Cory/Topanga, Boy Meets World
Alexis, Staff Writer
You don’t know how much I love this question and I’m trying to be very calm and not bring up thirteen billion couples. A deep breath. Okay. They were my OTP before I knew what an OTP was. You know how your parents and grandparents have those soap operas that you’ve got to be quiet during or else you’ll get in trouble for making them miss their “stories”? That was Boy Meets World to me. No one could get between me and this show (this is also because I was in love with Topanga). When Topanga turned around in Feeny’s class and told Cory, “Give me your hand.” so she could do some strange magic, I was hooked. When Topanga kissed Cory when his hair was all messed up so he’d know he was loved because of who he was not because of how he looked? Cory making these epic monologues to declare his love to the homie?? WHEN MY GIRL CAME BACK FROM HER AUNT’S HOUSE TO BE WITH CORY AND SHOWED UP IN THE RAIN???? No one screamed louder than me and my sister. WHEN CORY PUT THAT LIPSTICK BACK OVER HIS FACE WHEN SHAWN’S DAD WAS DYING AND TOPANGA WAS LOSING HOPE AND HE HAD TO REMIND HER WHAT KIND OF AMAZING PERSON SHE WAS AND ALWAYS WILL BE? When Cory walked into the apartment and yelled, “I have seen the Promised Land!!!” because Topanga showed him her butt?? This is my all time favorite couple. They learned to communicate and were each other’s family (for real did Topanga have a family? Where are they? I need answers.) They were the strangest couple and would be the lighthouse to the other whenever they forgot who they were or what love they were worthy of. And they also lowkey introduced me to OT3 because Shawn’s love for both of them and their love for him was amazing. I’m doing a rewatch I love these damn kids.
The Babysitter’s Club
Vanessa, Community Editor
I grew up reading The Babysitter’s Club books and they gave me very unrealistic expectations for relationships — but not romantic relationships, friendship relationships. I just figured it was totally normal and entirely possible to have 5-10 best friends and go on wacky road trips and international adventures with them and fight but then make-up and run a small business together and always have delicious snacks. Uh except wait, actually, I thought this was an unrealistic expectation but then I realized I just described Autostraddle, so maybe it’s actually totally doable and The Babysitter’s Club was just preparing me well for my future life endeavors. In any case, the friendship between those wacky babysitters was definitely my very first, and arguably most important, #relationshipgoals.

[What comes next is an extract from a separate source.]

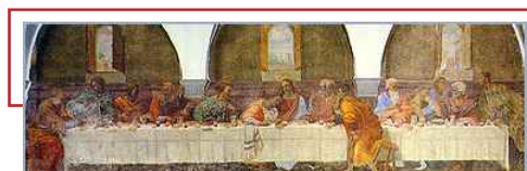
Last Supper by Francesco di Cristofano, detto il Franciabigio (1514)

Roberta/Junior, Now and Then
KaeLyn, Staff Writer
Christina Ricci and Devon Sawa in Now and Then (and to a lesser degree in Casper) were my actual middle school #relationshipgoals and also my first celesbian obsession. I wanted secret kisses outdoors on summer nights. I wanted a bad boy who secretly had a soft heart. I wanted to be the girl who kicked a boy’s ass in basketball and earned their damn-well-deserved-and-shouldn’t-have-had-to-earn-it respect. I’m realizing in this very moment that a lot of my actual relationship choices revolved around these themes, honestly. Secret kisses / summer night kisses: check. Bad bois with a good heart: check. Making respect sexy-as-hell: check. Wow, I think I just learned something about myself.
Jim/Pam, The Office
Most TV couples who get extended relationship arcs are heterosexual, so that’s the field I was working with when first sorting out my #relationshipgoals, and most heterosexual couples on TV and in movies pretty much hate each other. Except they don’t call it “hating each other” they call it “men and women are so different lol!” Jim and Pam’s relationship was never gendered, it just was. They were just two humans who found each other hilarious and delightful, who collected private jokes and secret nods and used those gathered gems of interpersonal connection to make it through soul-sucking, garishly-lit days in the office of a paper company in Scranton, Pennsylvania. I also loved, specifically, an episode when they were long-distance and all their phone convos that day just fell flat. One would make a joke the other couldn’t hear, or didn’t understand, stuff like that. The episode ends with them leaving each other voicemails simultaneously apologizing for being “off” that day and not connecting, and those messages contain the unspoken and so important element of: an off day is not the beginning of a decline, it’s just a down, and there’ll be another up. And there were! (honorable mention: Coach Taylor and Tami Taylor)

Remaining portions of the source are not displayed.